I put my hand on her shoulder, and she shivered as I used my magic to look out through her eyes. A woman was walking back and forth behind the police gathered around her body, her shirt open, bra torn, a large stab wound to her chest. I sighed a little with relief that the first blow had killed her: she hadn’t felt her heart being ripped out.

It wasn’t like seeing a full living color version; she was pale, almost translucent, and tinged with a blue, liquid look. She was frozen in the moment of her death, so her hair was a mess and she had on only one shoe; she walked around sort of hobbling because of the height difference.

I retreated from Incarra’s mind and took a physical step back. Incarra rounded on me, her eyes wide and full of questions.
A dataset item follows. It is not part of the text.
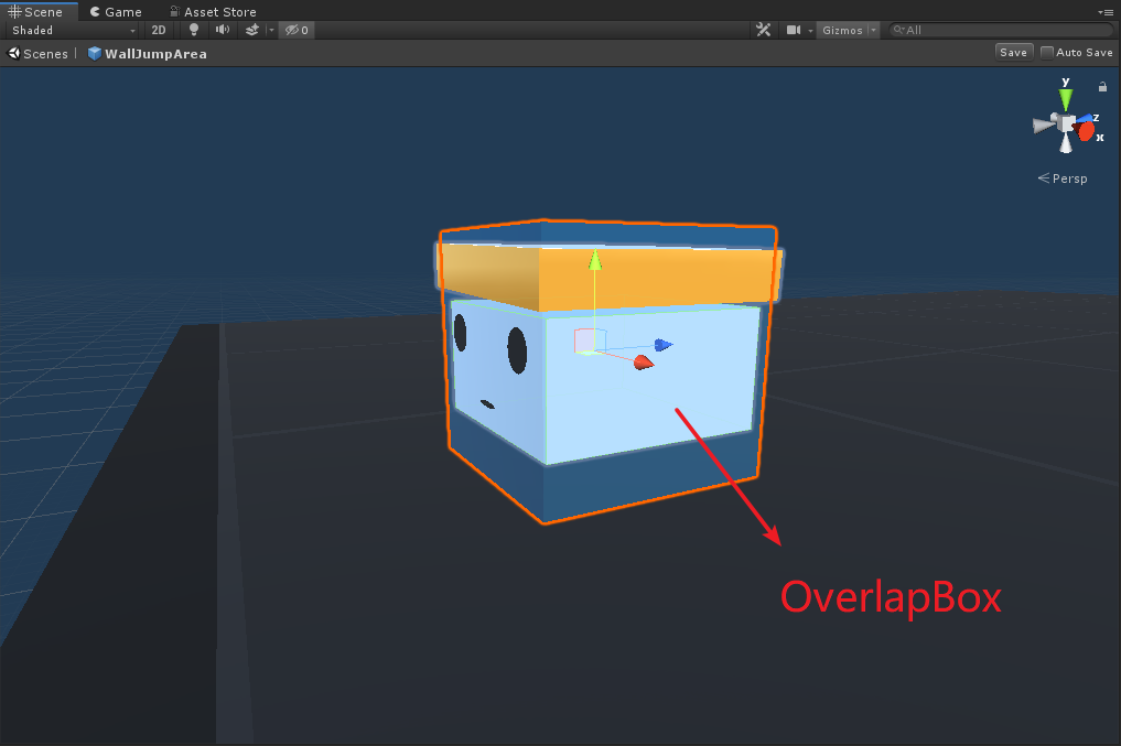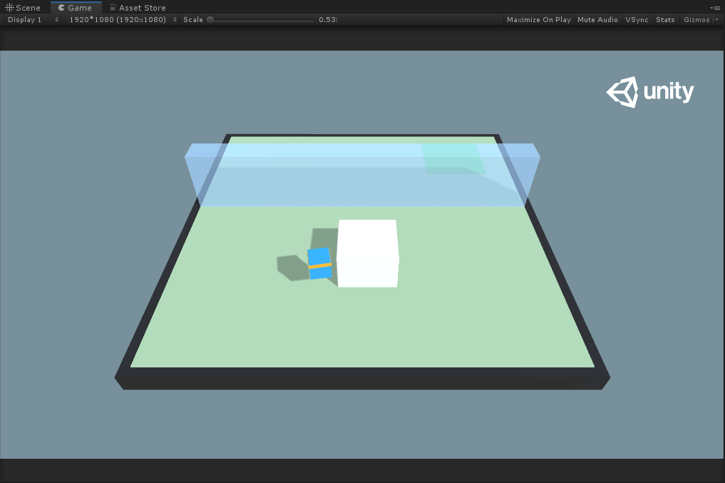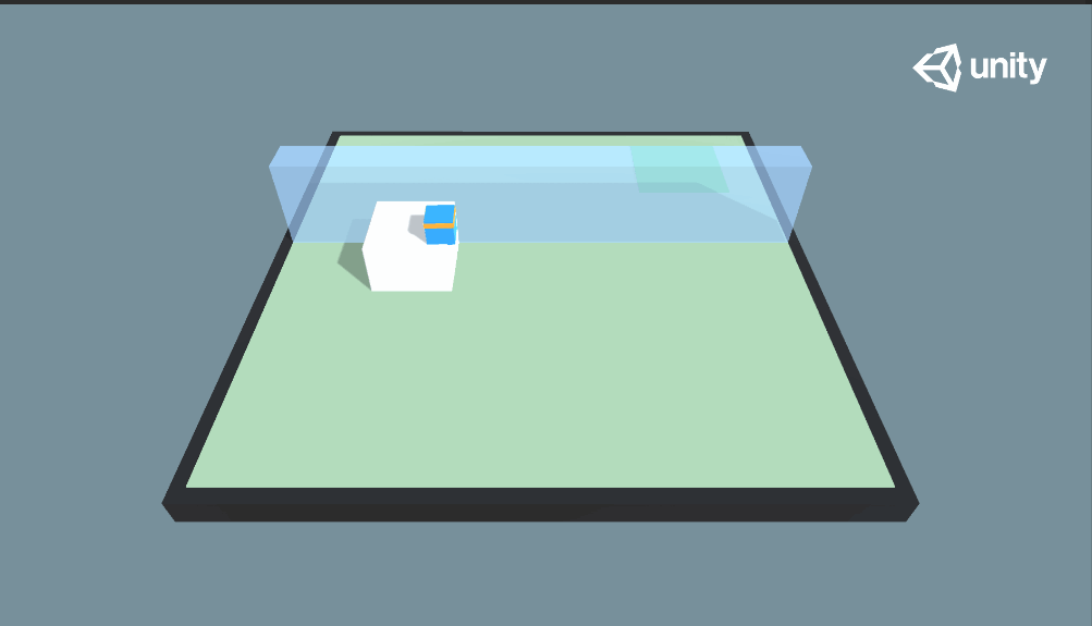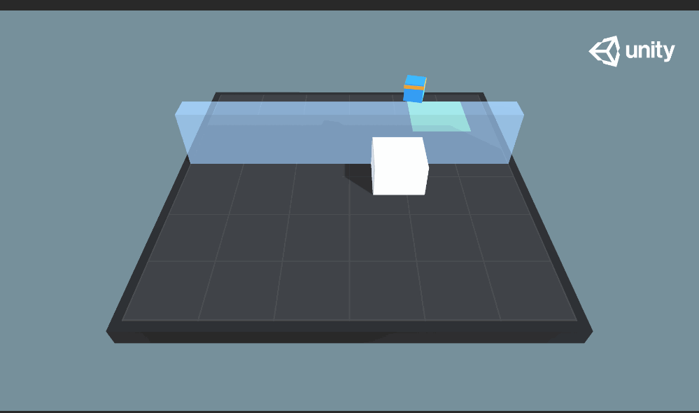 由图中可以看到本示例的效果,小蓝需要越过蓝色的墙体到达绿色的目标地点,此外还可以留意到,蓝色的墙体高度是随机变化的:当蓝色的墙体较高时,小蓝推动大白块当梯子才能越过墙体;当蓝色墙体高度较低时,小蓝则可以直接跳跃过去。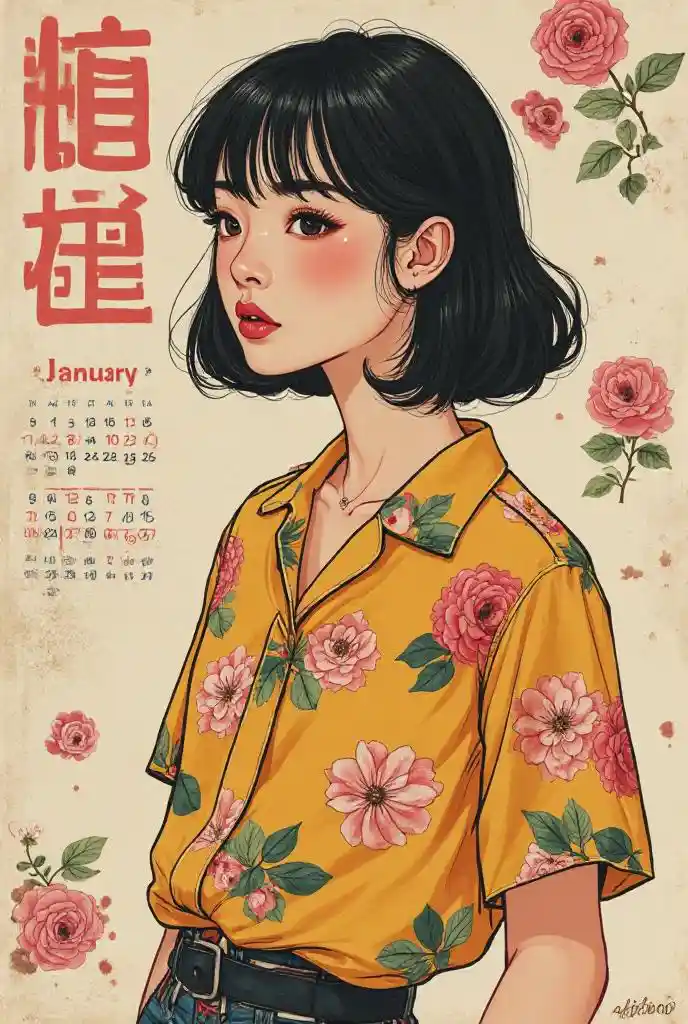 AlexanderA collage-style calendar featuring an Asian woman wearing a retro shirt. (Retro feel: 12), divided into 12 panels behind the woman. January: Rose flower, Februa

“Cassie, what the hell? Why can I see that?”

I bit my lip. “Because you’re an ectomancer,” I said softly, wishing it wasn’t true. It was my fault: she was a sensitive, and I’d brought her into a world where that could trigger a latent psychic talent. Ectomancy wasn’t a popular psychic gift. A lot of ectomancers were drawn from that to necromancy. If they could already see and hear the dead, why not learn to control them?

Vampires in particular hated ectomancers because of their potential to become necromancers—the only beings I’d ever heard of who could control every type of walking dead, including vampires.

Chapter Seven

Having to explain the basic properties of ectomancy to both my friend and a homicide detective had not been the end to the evening I had planned. I was trying to do it in the quietest voice possible, in case there was anyone eavesdropping on us. I wanted to get Incarra back to the normal side as soon as I possibly could, get her away from all this. I drew Hamilton off to the side while Incarra sat deep in thought in the open side of his car, digesting everything.

“So, let me see if I’m understanding this right. Your friend can see ghosts?”

“That’s the long and short of it.”

“Ghosts are all walking around us?”

“Not so much, you get your three basic types of spirits. The passed over, those who die without regrets, pass straight over into whatever lies beyond this. Then you get the ones who die but have unfinished business; they wander from place to place, usually connected to somebody. Those are the ones that bother ectomancers the most. The last kind is like this, those that die a violent death. They are trapped in the place of their death until they are avenged or they give it up and cross over.”